Alexis Graindorge, installé en 2017, et co-président du syndicat des Jeunes agriculteurs, s’est rendu au palais de l’Élysée. Emmanuel Macron, Président de la République, a invité près de 1 000 exploitants de moins de 35 ans, jeudi 22 février. Convaincant.

>> Comment avez-vous appréhendé la rencontre avec le Président Macron ?
Je ne savais pas vraiment comment ça allait se passer. J’ai été prévenu, une semaine avant : j’ai reçu une invitation succincte. Quand je suis arrivé sur place, j’ai vu qu’il y avait une quinzaine de représentants du syndicat national des Jeunes agriculteurs. J’étais moins inquiet : à nous tous, nous allions bien réussir à interpeller Emmanuel Macron ou Stéphane Travert sur nos questions. Nous avions rendez-vous à 11 h 30. Nous avons attendu une heure pour entrer, car tout le monde est fouillé. La cérémonie a débuté à 12 h 30.
>> Et alors, l’Élysée c’est comment ?
Magnifique. Nous avons été reçus dans la salle Napoléon III. Une allée centrale était dégagée par des cordons en velours rouge, puis nous étions placés par région. Pour la Normandie, nous comptions 25 représentants. Antoine Maquerel, président des JA de la Manche, était également présent.
>> Qu’avez-vous pensé du discours du Président de la République ?
Il était marquant. C’est quelqu’un d’extrêmement à l’aise. Il a tenu plus d’une de discours, avec quelques annotations sur une feuille. Il montre une réelle connaissance des dossiers et de l’historique des filières. Dans son discours, il dit qu’il est temps que les choses changent, car cela fait trop longtemps que les mêmes vont mal alors que d’autres sont confortablement installés dans leurs fauteuils. Je retrouve chez lui l’envie de bousculer les lignes, que l’on a chez les JA.
>> Vous l’attendiez sur la question du glyphosate ?
Il a su rester ferme sur le sujet. Il souhaite trouver une alternative efficace mais il est passé assez vite sur le sujet. Je reste réservé, car il faut dix à quinze ans pour homologuer un produit phytosanitaire. Comme je n’étais pas très satisfait du discours sur ce point, je suis allé voir Nicolas Hulot.
>> La réponse vous a davantage satisfait ?
Nicolas Hulot revendique des principes, je voulais savoir s’il avait les pieds sur terre. Quand je l’ai questionné, sa réponse a été qu’il ne voulait pas fragiliser les exploitations.
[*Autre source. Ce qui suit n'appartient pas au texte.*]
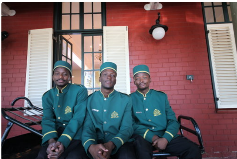
Rovos Raililla matkustajan ei tarvitse itse huolehtia mistään.
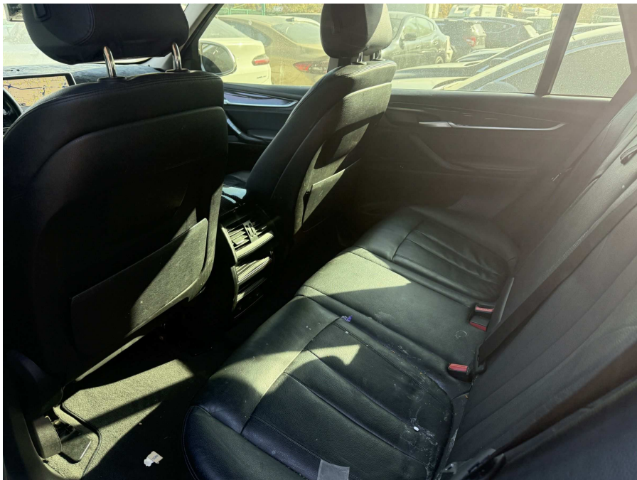
본건 내부 2
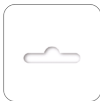
Розничная упаковка в пакете с еврослотом
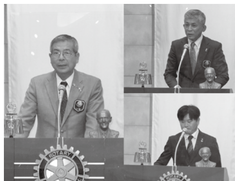
7月29日 ガバナー公式訪問

この度、福島21ロータリークラブ21代会長を仰せつかり、その責任の重さに身の引き締まる思いです。当クラブは20周年を迎え、人でいえば成人という大事な時期を迎えました。今年度は今後のクラブ運営の未来に向けて大切な年度です。新型コロナウイルスの影響で通常のクラブ運営が難しい場面も想定されますが次なるステージに向けてのクラブ運営に努めたいと思っています。人と人の関わり方（距離感）の変化で人間関係が希薄化されている現状ですが、人と人のふれあいの大切さを協働活動により再認識してもらいながら、今後の地域貢献活動につなげる取り組みを進め、地域とロータリーが協働することで、ロータリ
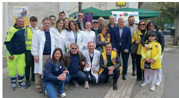
San Marco in Lamis
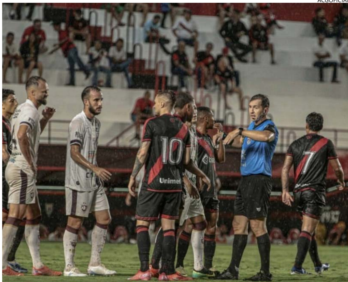
Atlético-GO vence Inhumas por 2 a 0 em Antônio Accioly encharcado

Com o resultado, o Atlético-GO chegou aos 13 pontos e assumiu a liderança provisória do Goianão. O time aguarda os demais jogos da rodada. O Inhumas perma-
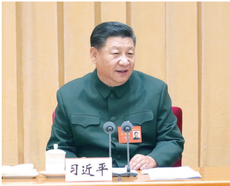
中央军委政策制度改革工作会议11月13日至14日在北京召开。中共中央总书记、国家主席、中央军委主席、中央军委深化国防和军队改革领导小组组长习近平出席会议并发表重要讲话。
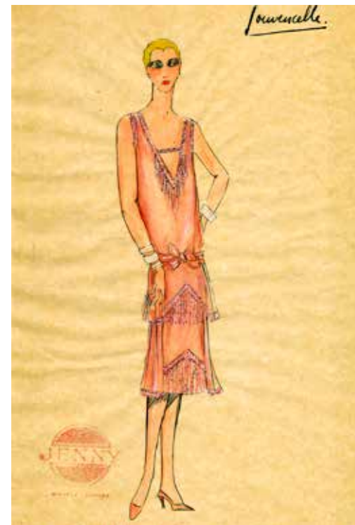
Fig. 2. Under 1920-talet "försvann" midjan i kvinnomodet för en kort period. Annars har midjan framhävt både i äldre och i modern klädsel. Bild från utställningen Mode utan midja på Malmö Museum, 2012.

Så skrev den franska författarinnan Simone de Beauvoir. Hon ville framhäva det omöjliga i att vara moderiktig och elegant för de flesta kvinnor som inte hade mode som sin huvuduppgift. Det var ett arbete i sig, ett som förslavade kvinnan. Den yrkesarbetande kvinnan hade inte tid med detta.
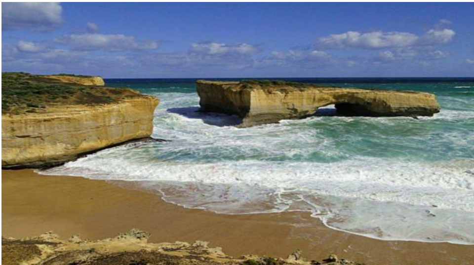
London – Arch, früher London Bridge ( der erste Bogen ist am 15.1.1990 eingebrochen )

Da dieser, heute weltberühmter Straßenzug inzwischen eine Touristenattraktion ersten Ranges geworden ist und als Wirtschaftsfaktor ( Hotels, Restaurants, Motels, Souveniergeschäfte, Surf u.Tauchsulen usw. ) nicht mehr wegzudenken ist, wurde diese, nach 14-jähriger Bauzeit geschaffene Küstenstraße am 7. April 2011 als DENKMAL in die Australien National HERITAGE-Liste eingetragen.
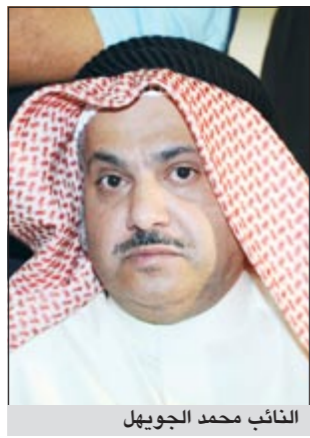
النائب محمد الجويهل
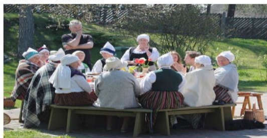
Zvejniekciema „Dzirnavas” pie baltā kļāta galdā iekārta dziesmas un valdīja priecīgi noskaņojums.

Gatavojoties Latvijas valsts simtgades svinībām, Latvijas tauta
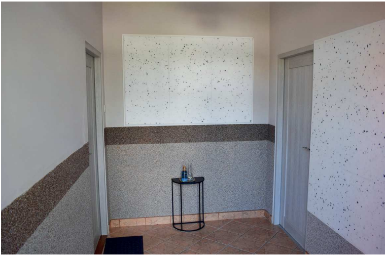
PP 3 Dylaki
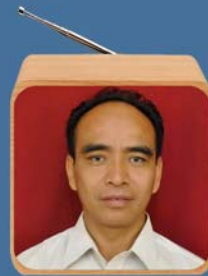
သိက္ခာတော်ရဦးဆွင်းဆောင်ဆန် ချင်းဘာသာ
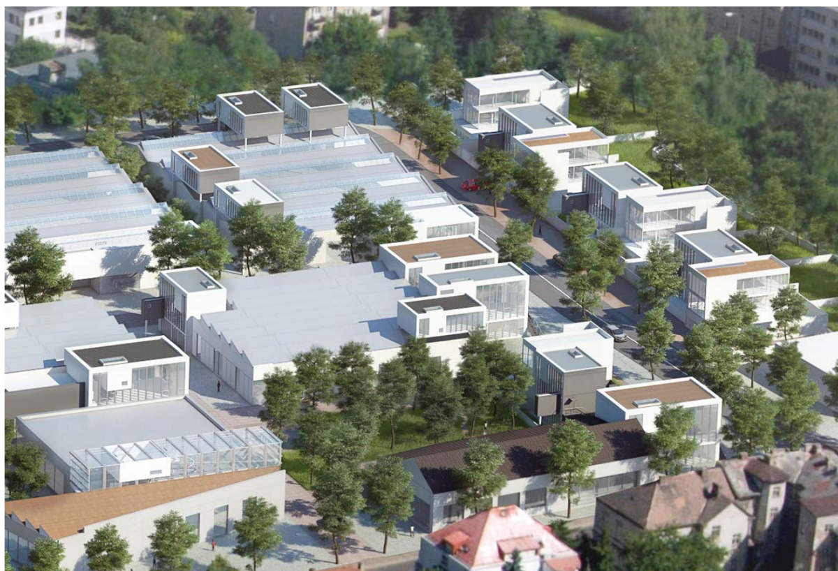
obr. 7: revitalizace areálu Perla 01: architektonická artikulace revitalizační koncepce; vizualizace MS plan
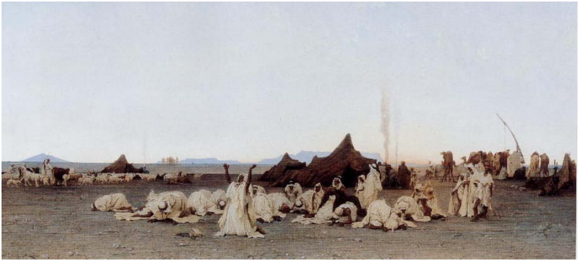
Arratsaldeko otoizlaria Saharan, Gustave Guillaumet, 1863

lanetan, Japonia eta Txinarekiko zaletasuna hauengan piztu aurretik jada, orientalismoari arreta berezia eskaintzen zitzaiola.
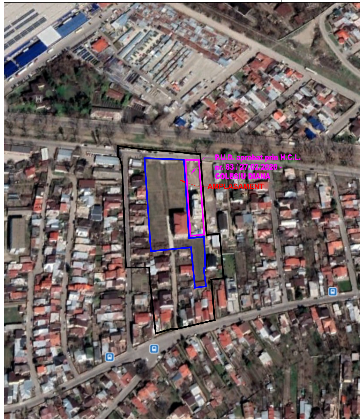
PLAN INCADRARE IN STATELIT sc 1:5000
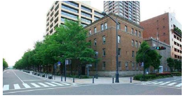
〔旧関東財務局 外観〕
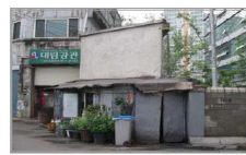
▶ 상호 : 북길네서당 ▶ 주소 : 서울시 영등포구 문래동3가 54-49 ▶ 크기 : 가로6m x 세로2.5m
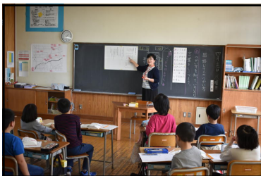
3年生・国語・辞典の使い方
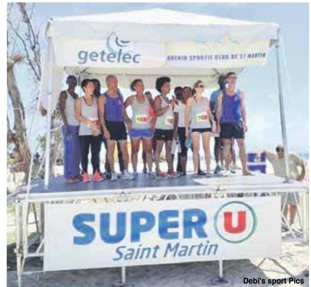
Debi's sport Pics
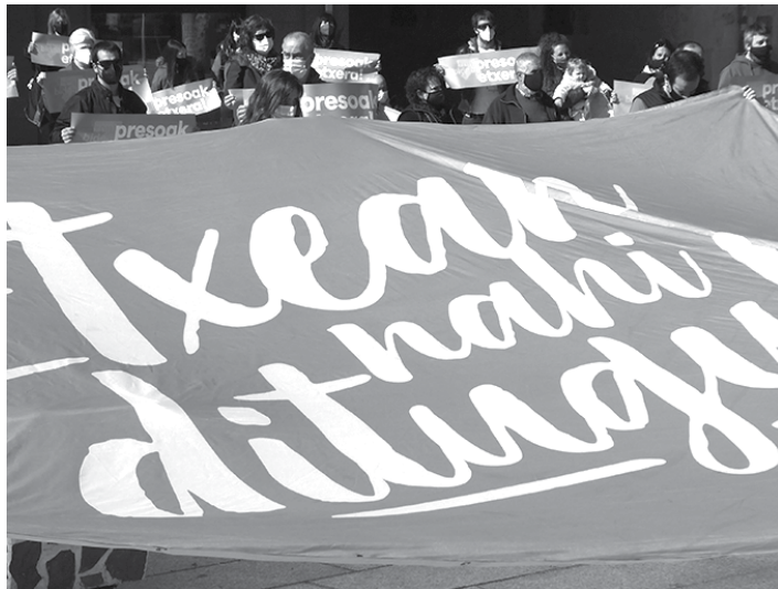
Etxarriak presoek herriratzea eskatzen.

Karasatorreren eta Paroten lekualdaketekin Espainian preso dauden etxarriarren lau lekualdaketatik hiru egin dituzte.

J’ai apprécié l’angle économique. Sur le dossier, je retiens finalement que les agriculteurs qui souhaitent évoluer dans leur pratique seront accompagnés. Accompagnement technique et/ou financier ? Je suis jeune et n’ai pas peur du changement. Si on nous aide, alors pourquoi pas. J’ai trouvé ça bien que le ministre de la Transition écologique et solidaire soit présent.
>> Le sujet du Mercosur, que vous défendez depuis plusieurs mois, était aussi au menu des interrogations …
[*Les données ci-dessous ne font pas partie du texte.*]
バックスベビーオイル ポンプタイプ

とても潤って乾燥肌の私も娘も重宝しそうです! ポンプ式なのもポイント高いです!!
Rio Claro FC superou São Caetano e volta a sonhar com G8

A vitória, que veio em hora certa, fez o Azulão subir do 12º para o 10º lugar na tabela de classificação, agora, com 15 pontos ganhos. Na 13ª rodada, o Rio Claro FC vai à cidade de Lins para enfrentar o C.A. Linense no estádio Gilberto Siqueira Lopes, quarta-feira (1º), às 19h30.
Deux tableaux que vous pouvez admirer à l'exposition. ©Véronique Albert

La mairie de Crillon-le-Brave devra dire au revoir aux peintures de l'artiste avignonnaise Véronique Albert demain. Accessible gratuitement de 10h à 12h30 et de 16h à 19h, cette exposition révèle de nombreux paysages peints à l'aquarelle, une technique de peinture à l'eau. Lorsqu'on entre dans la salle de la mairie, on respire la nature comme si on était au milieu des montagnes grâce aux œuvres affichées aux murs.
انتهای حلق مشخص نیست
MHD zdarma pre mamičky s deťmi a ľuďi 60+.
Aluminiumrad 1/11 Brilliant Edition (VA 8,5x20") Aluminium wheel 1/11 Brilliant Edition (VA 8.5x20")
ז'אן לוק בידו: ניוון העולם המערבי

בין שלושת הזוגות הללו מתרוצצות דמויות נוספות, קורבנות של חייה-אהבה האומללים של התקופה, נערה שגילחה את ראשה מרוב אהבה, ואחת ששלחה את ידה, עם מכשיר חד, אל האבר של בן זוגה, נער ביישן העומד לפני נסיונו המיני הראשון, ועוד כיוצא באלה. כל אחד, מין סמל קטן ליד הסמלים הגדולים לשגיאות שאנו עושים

Les JA national attendaient des réponses. Macron nous a dit que le traité n’avait pas été signé, car, en décembre, l’agriculture française aurait été perdante. Ils ont pris le temps de se positionner et de mettre des garde-fous pour l’agriculture. Là, à mon avis, le syndicalisme prend tout son sens, car nous sommes mobilisés sur le sujet depuis quelques mois. Et nous avons bien fait ! Nous sommes rassurés qu’il y ait des conditions au traité, comme l’interdiction de viandes aux hormones sur notre territoire. Reste à s’assurer du respect des engagements ainsi que de la fréquence et de la pertinence des contrôles.
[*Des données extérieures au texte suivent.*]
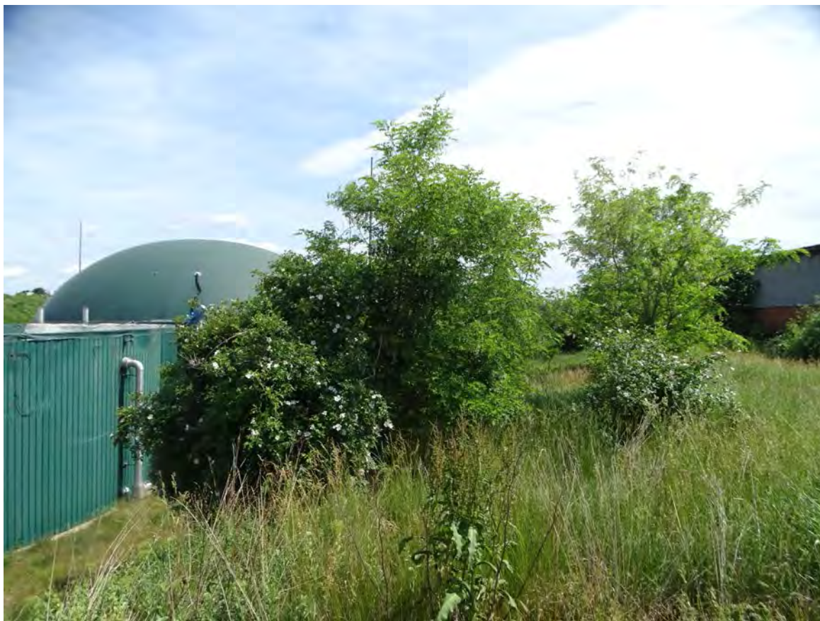
Akácos facsoportok, gyepűrózsás cserjések a biogázüzemet nyugatról határoló lejtőn
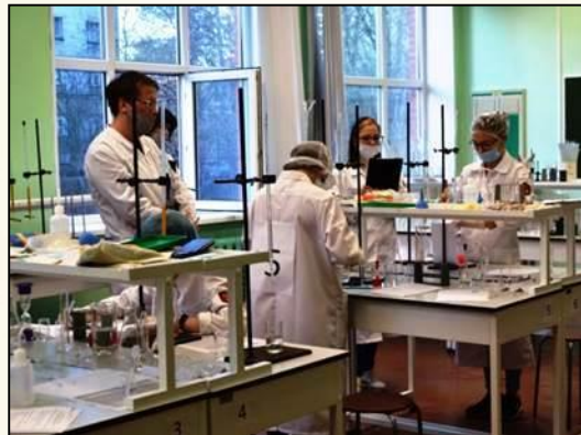
Лабораторный химический анализ
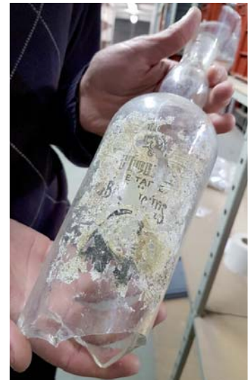
Bouteille d' « Huile de table des Bénédictins » produite à Seclin.
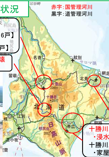
札幌川(帯広市)堤防決壊状況
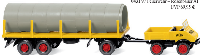
0392 05 Unimog U 411 mit Rungenanhänger UVP 20,99 €
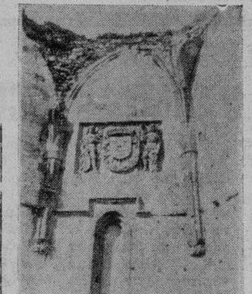
Armas del Duque, con las banderas de sus batallas plantas olorosas y medicinales. Hoy es casa de labor lo que fue plantel de cenobitas.

Los monjes Jerónimos eran amigos de los árboles, todavía queda en su huerta regaliz y
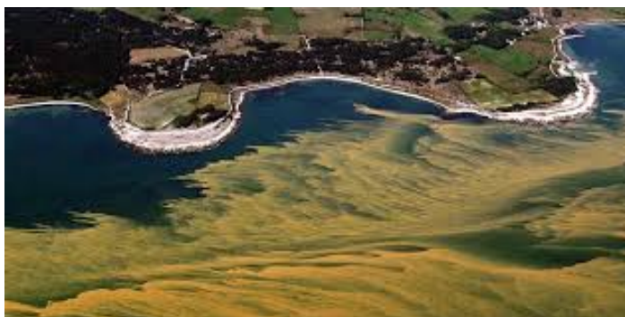
Algblomning sommaren 2018. SMHIs hemsida 16 april 2019

Även om nederbörden faller som under en normal-sommar, kommer vattensituationen troligen inte att förbättras, dock med lokala undantag. Om det blir en liknande torrsommar som under 2018, riskerar vi att uppleva den allvarligaste vattenbristen som har registrerats under drygt 100 år.”
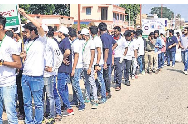
ସ୍ୱଚ୍ଛତା ନେଇ ବାହାରିଥିବା ଶୋଭାଯାତ୍ରା ।
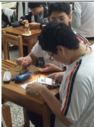
學生練習攝影 ( 微距 )
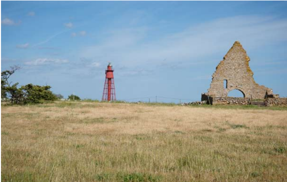
Kapelluddens fyr och S:ta Britas kapell, Mörbylånga

>> Que retenez-vous d’autre ?
Emmanuel Macron a parlé de l’enveloppe de 5 milliards d’euros accordée à l’agriculture. Il propose qu’une partie soit utilisée pour moderniser les outils d’abattage et de transformation, pour en créer de nouveaux. Pour que les agriculteurs reprennent les choses en main. Mais nous avons appris au Salon que les 5 milliards viendraient en partie du budget des Régions, budget employé jusqu’alors au travers des dossiers de subvention aux investissements agricole (Agriculture normande performante, chez nous). C’est un coup dur pour tous ses acteurs. Ce n’est certainement pas par le jeu des enveloppes que nous aiderons l’agriculture à se relever et à faire face aux défis de demain.